Problem statement: Using the entries below, restate word for word only the lines from the one with "7月8日,吉尔吉斯斯坦首都比" to the final line, leaving the pictures out.
= = = = =
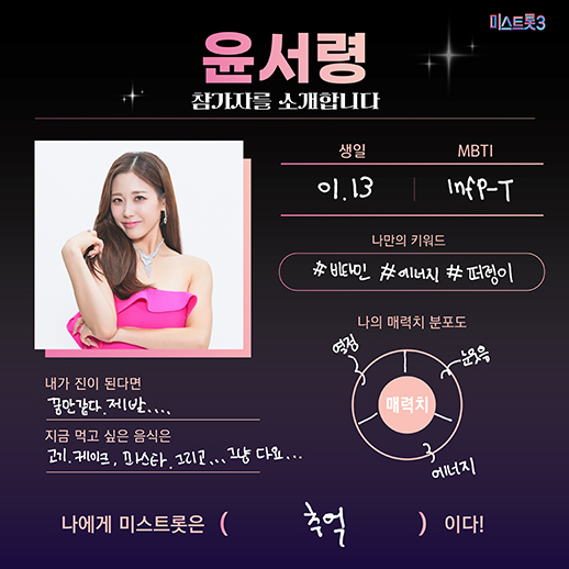 2020년 MBC편애중계 10대 트로트 가수왕 대전 준우승. KBS 전국 트롯체전 출연했었습니다. 2003년생으로 올해 성인 이되어 발랄하고 가창력까지 그동안의 실력 향상이 더욱 기대가 되는 가수입니다.
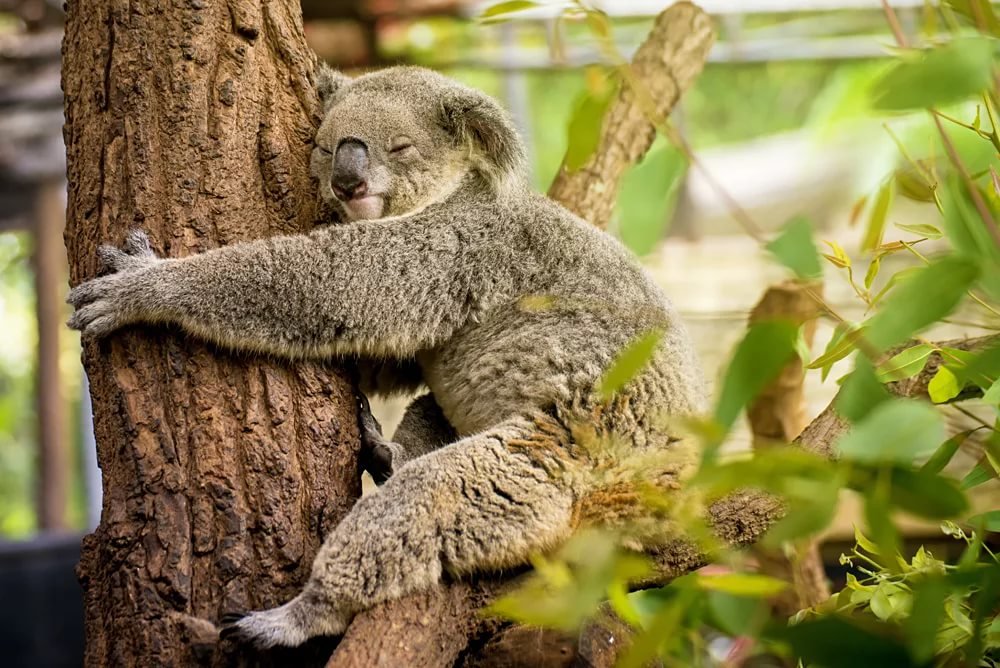 Koalas may look cuddly, but they’re also some of the sleepiest animals in the world. Awake for just two to six hours a day, their lethargy comes from their diet. Eucalyptus leaves are tough to digest, full of fiber, and even mildly toxic, meaning koalas must conserve their energy by sleeping for most of the day.
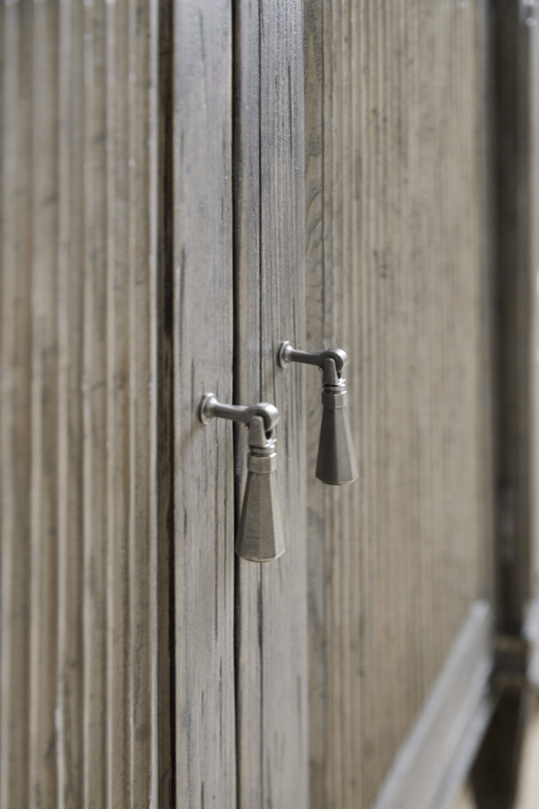 - Finish: Quartz Grey, a light wood tone with areas of cool gray burnishing creating a subtle two-tone effect. Distressing includes sandblasting, scraper, graver, wormholes, rock, knocking and rough edges. Pewter color metal alloy bail pulls.
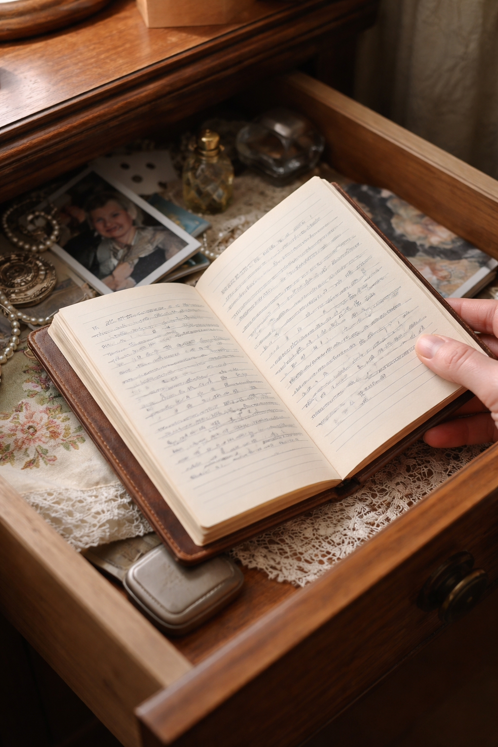 Hónapokkal később, amikor átnéztem anyukám holmiját, találtam egy vékony füzetet a fiók mélyén. Korábban sosem láttam. A kézírás nem az övé volt.
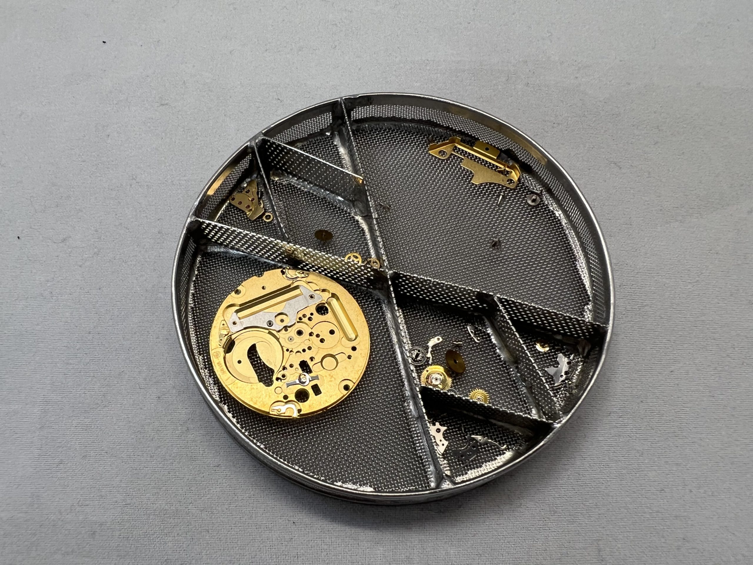 リューズに関しましては、欠けや腐食など劣化が見受けられました。 今後更に破損し、機能性を失ってしまう可能性もありますので新しいリューズへ交換しました。 不動の状態の原因としましては、機械の汚れや油切れが考えられます。 部品を1つずつ分解して洗浄しながらそれぞれの部品の調整を行いつつ、専用油を注油し、組み立てました。 また、ツヅミ車に歯欠けが見受けられましたので、新しいパーツへ交換いたしました。 ツヅミ車とは、リューズを回し時間合わせを行う際に、それぞれの部品へ回した力を伝える役割のある歯車となります。
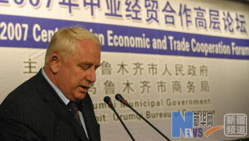 7月8日,吉尔吉斯斯坦首都比什凯克市副市长伊利亚·彼得洛维奇·克里明科正在作主旨发言。7月8日,一位来自哈萨克斯坦的代表正在介绍本国商务情况。2007年7月8日上午,『2007中亚经贸
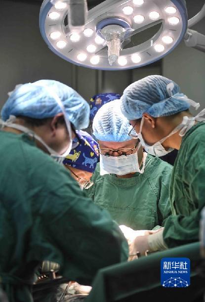2020年1月16日,在甘孜州人民醫(yī)院,王文濤(左)進行“體外肝切除聯(lián)合自體肝移植手術(shù)”。新華社記者 劉坤 攝
= = = = =
Your solution:
 7月8日,吉尔吉斯斯坦首都比什凯克市副市长伊利亚·彼得洛维奇·克里明科正在作主旨发言。7月8日,一位来自哈萨克斯坦的代表正在介绍本国商务情况。2007年7月8日上午,『2007中亚经贸
2020年1月16日,在甘孜州人民醫(yī)院,王文濤(左)進行“體外肝切除聯(lián)合自體肝移植手術(shù)”。新華社記者 劉坤 攝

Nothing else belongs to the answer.